Your task is to restate word for word the lines in the material below, from the one with "Porcellana e bronzo" up to and including the one with "The figure shows". Do not carry over the pictures.

**** Exercise data

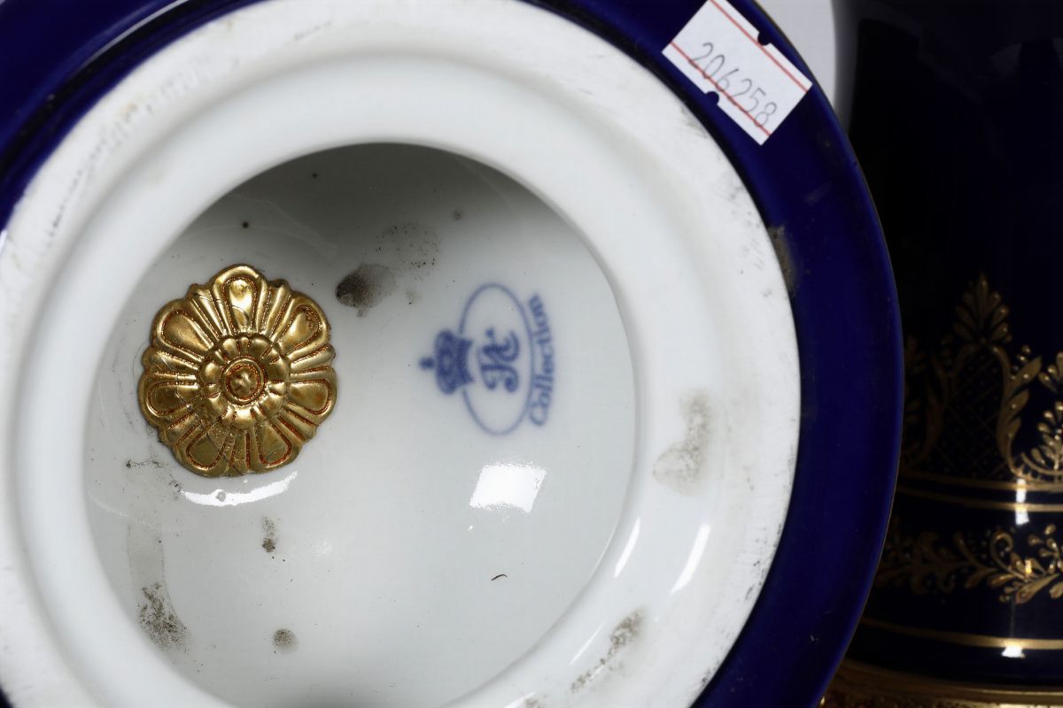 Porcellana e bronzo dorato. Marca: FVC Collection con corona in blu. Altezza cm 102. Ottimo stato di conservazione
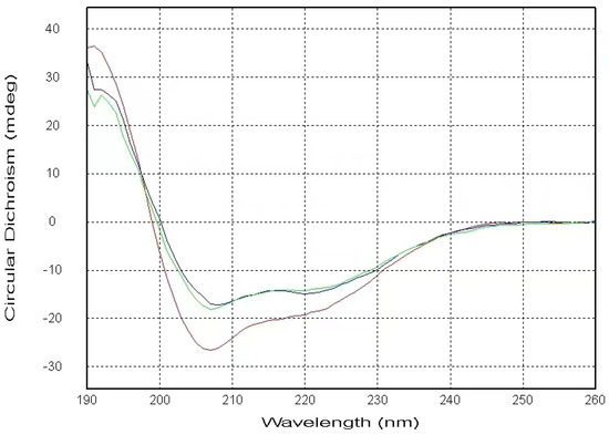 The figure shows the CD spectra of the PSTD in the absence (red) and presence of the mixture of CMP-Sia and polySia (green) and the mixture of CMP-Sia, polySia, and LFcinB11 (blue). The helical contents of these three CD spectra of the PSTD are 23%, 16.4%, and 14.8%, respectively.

********
**** Exercise data

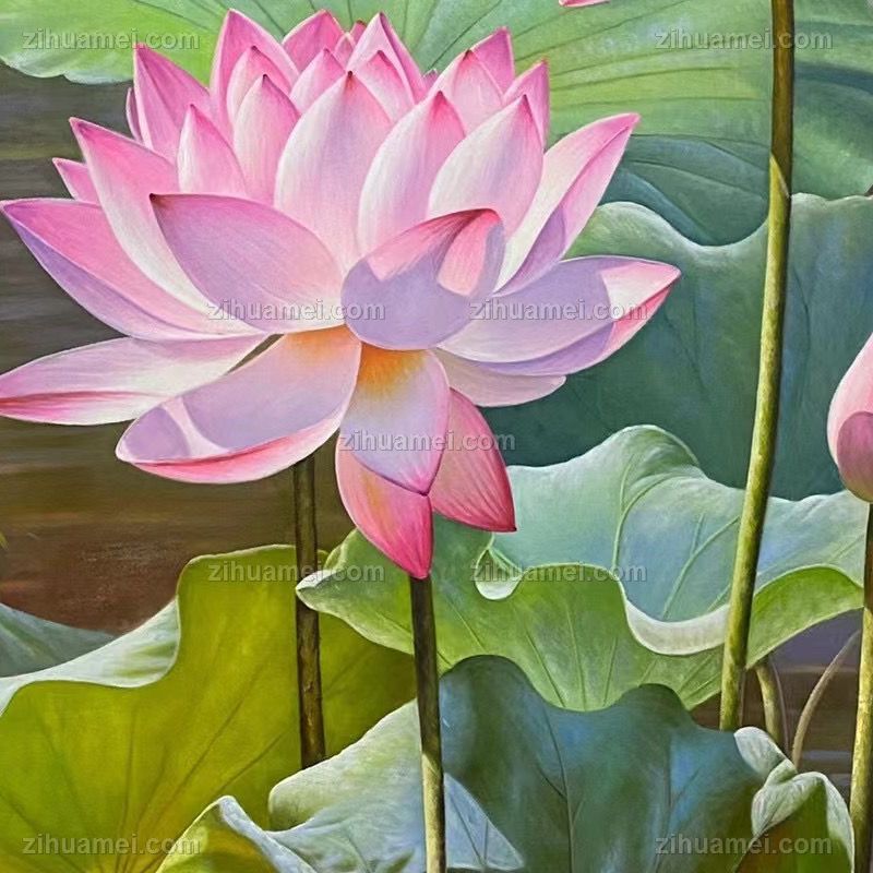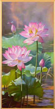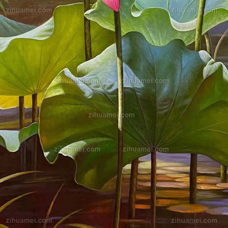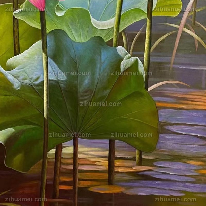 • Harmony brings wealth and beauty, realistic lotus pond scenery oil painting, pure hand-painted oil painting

********

__Response to the exercise__
 Porcellana e bronzo dorato. Marca: FVC Collection con corona in blu. Altezza cm 102. Ottimo stato di conservazione
 The figure shows the CD spectra of the PSTD in the absence (red) and presence of the mixture of CMP-Sia and polySia (green) and the mixture of CMP-Sia, polySia, and LFcinB11 (blue). The helical contents of these three CD spectra of the PSTD are 23%, 16.4%, and 14.8%, respectively.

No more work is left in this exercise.